ACE implementations

Actions, conditions and expressions (ACE or ACEs) defined in edittime.js must each have a corresponding runtime method. In the runtime script you'll find objects named Cnds, Acts and Exps, which you must add your methods to like so:

Cnds.prototype.MyCondition = function(...

where MyCondition is the script name from edittime.js. See the edittime documentation on ACEs for more - it also covers how to write the runtime functions. You must remember to use dot syntax - see the section on Google Closure Compiler compatibility for more.

Implementing conditions

There are four kinds of condition:

Ordinary conditions
These are the default. They are evaluated once per tick (or whenever the event is run). The method is called once for each instance, returning true or false, thus filtering instances meeting the condition. Conditions specifying cf_faketrigger are still ordinary conditions.

Trigger conditions
These specify cf_trigger (not cf_faketrigger). These are not run every tick: they only ever run when explicitly called by runtime.trigger(). This is useful for input events and other on-the-spot events.

Static conditions
These specify cf_static. Ordinary conditions are called once for each instance. Static conditions are only ever called once no matter how many instances there are. You must pick the necessary instances in the condition method. For example, 'Pick random object' is most easily implemented as a static condition.

Looping conditions
These are actually ordinary conditions, but are implemented in such a way that they repeat. The cf_looping flag should be set, but this does not affect any functionality. Instead, the method must 'retrigger' the event (calling event.retrigger()) which runs the remaining conditions then actions and subevents, then returns to your condition again. The event should be retriggered once per loop iteration, then the actual condition method must return false - otherwise Construct 2 will carry on and run the event one more time. A good example of a looping condition is Array's For each element condition.

Implementing actions

Actions are usually the easiest to implement. They do not need to return anything. Just perform the action!
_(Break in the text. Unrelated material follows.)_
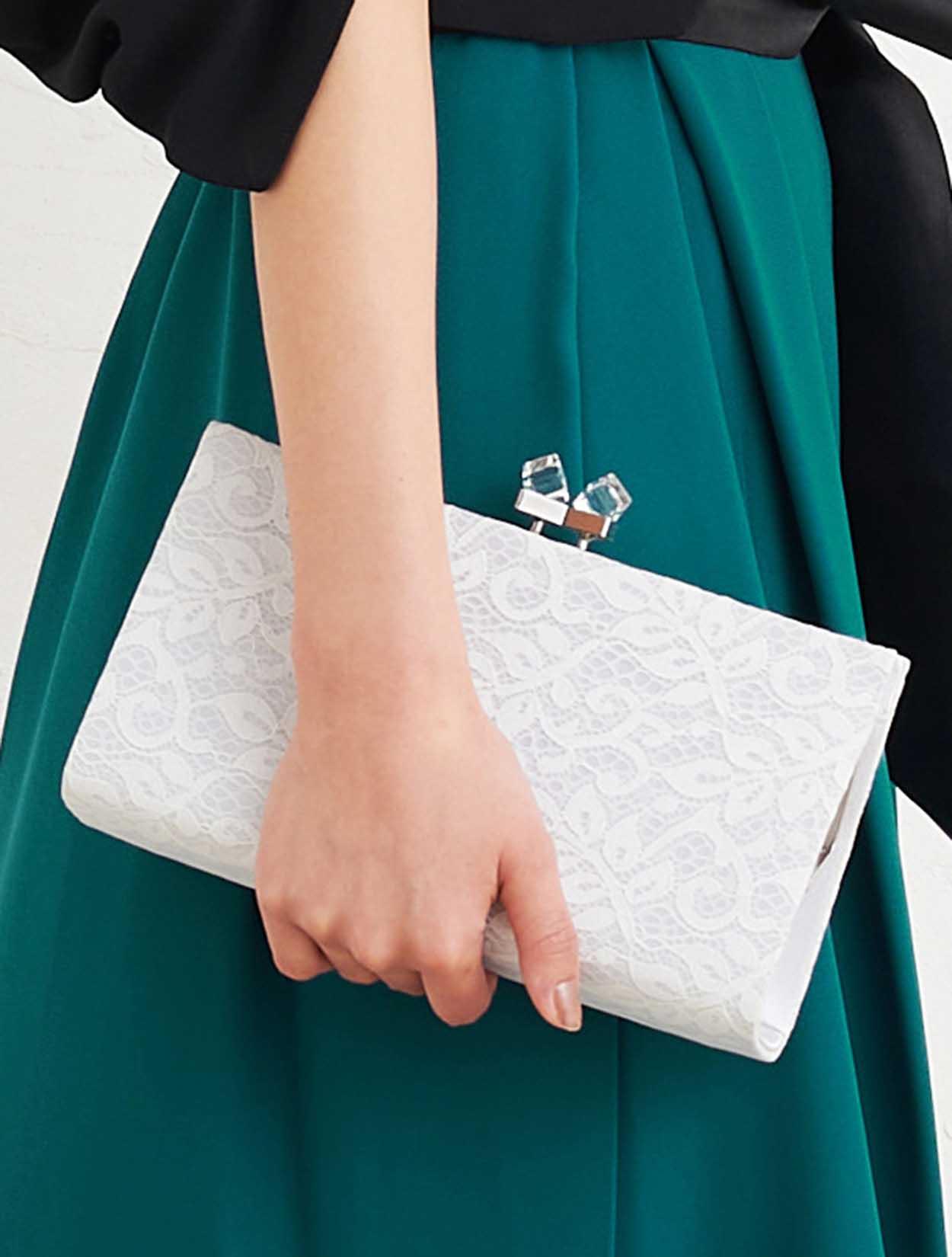 ■シルバーのレースバッグと、存在感のあるパールのネックレスで華やかな印象に。
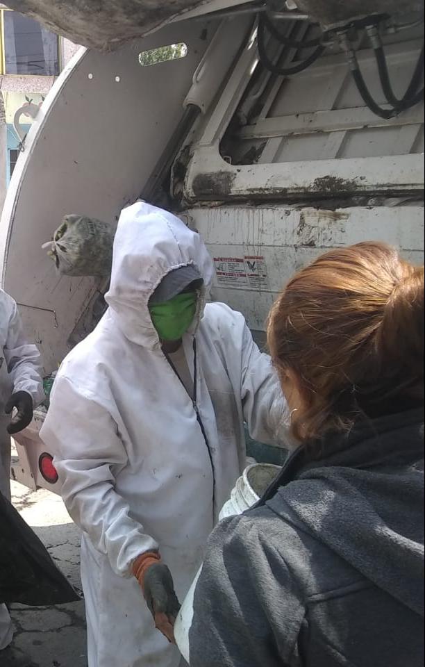 Guadalupe Almeida Alcántara, quien radica en el Barrio de San Mateo, mencionó que “es bueno ayudar a las personas y en este caso cuidar a los trabajadores que andan recogiendo la basura sobre todo ahora que el virus lo puede contraer cualquiera, más ellos que andan haciendo este trabajo delicado por lo que se les agradece y valora”.

Note you may not affect any of the picked objects in an action (via the SOL methods), except for any objects passed in object parameters.

Implementing expressions

The most common thing to forget in expressions is the first parameter must be ret! The expression returns its value through this rather than by returning from the javascript function itself. Any actual expression parameters follow after ret.

Other than that, expressions are also straightforward to implement. The following ret methods are used to return a value:

ret.set_int(0); // return an integer
ret.set_float(0); // return a float
ret.set_string(""); // return a string
ret.set_any(0); // return a float or string, depending on the javascript type of the parameter

Reference

You may use any browser APIs you like in a plugin. That's generally what makes plugins useful! It is best to keep plugins focused, and expose a single API or feature through a single plugin. As described in the overview, the Mozilla Developer Network is a good place to get an overview of browser features and APIs.
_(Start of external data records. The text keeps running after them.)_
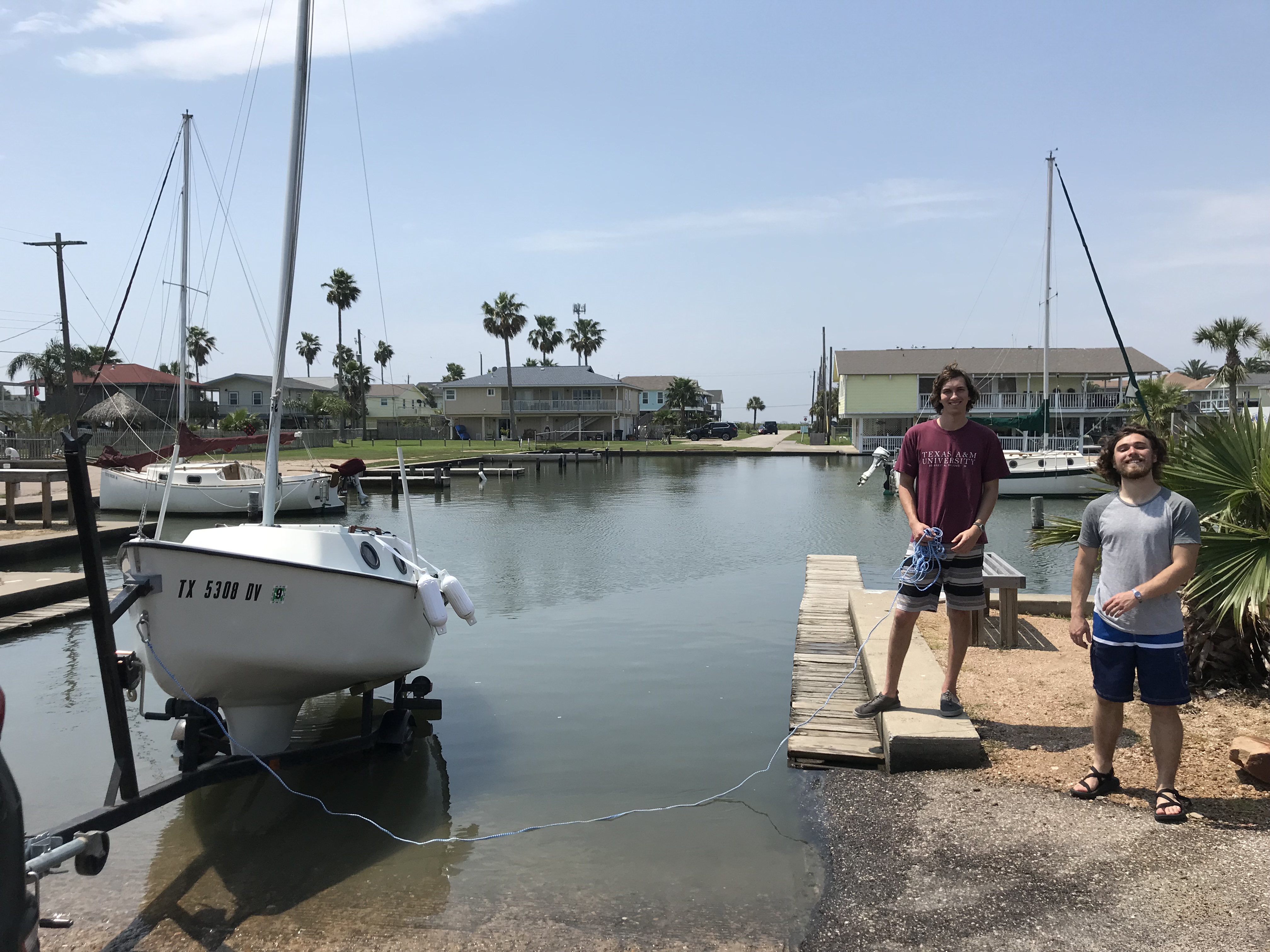 Friday morning at 1 a.m. my eyes popped open and my mind started up. “I must check the weather,” I thought. Friday was forecasted to be 72 degrees with winds 10-15 mph for Galveston, Texas. Saturday was predicted to have 50% thunderstorms and winds gusting up to 20 mph. I started stressing, and I wished I could join everyone for the perfect weather day on Friday. My Aggie Yacht Club would be heading to Galveston that Friday afternoon for their annual coast trip, while I would be working.  I had missed last year’s coast trip, so I was super excited to partake in this year’s. I planned to tow Guppy from Bryan, Texas to Jamaica Beach in Galveston early Saturday morning.
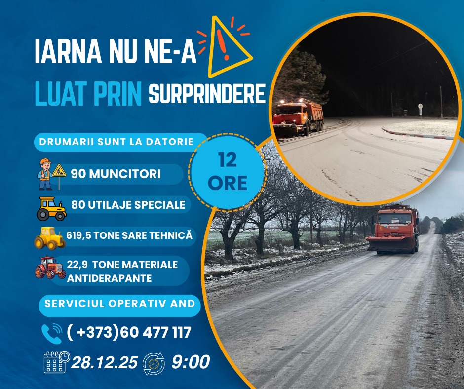 AND a îndemnat participanții la trafic să țină cont de atenționările autorităților, să nu pornească la drum fără pneuri de iarnă, să se informeze din timp despre starea vremii și să adapteze regimul de viteză la condițiile de circulație pe timp de iarnă.
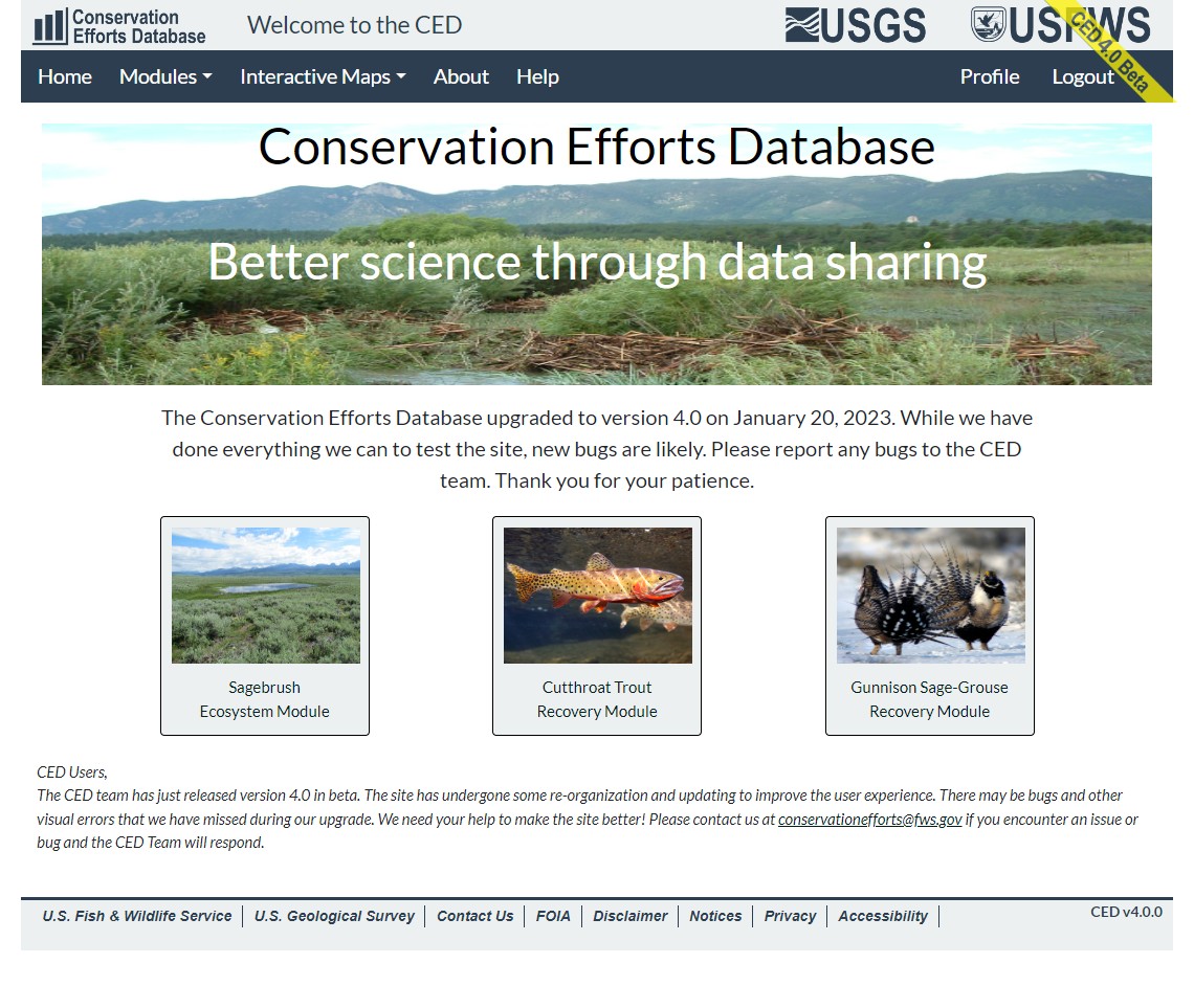 Conservation Efforts Database (CED). Better science through data sharing. Still shot of the CED webpage. Thumbnail for CED videos.

The rest of the documentation covers the reference for Construct 2's javascript runtime. These methods may be interesting to you so your plugin can integrate seamlessly with the way Construct 2 works.

Some parts of the runtime are undocumented. This is usually for a reason: it is not advised that plugins use them, since it will cause bugs. Therefore, you should only use the documented parts, in the manner that the documentation states is valid. The fact javascript does not provide encapsulation (public and private like other languages) is not permission to use the "internal" parts of the runtime.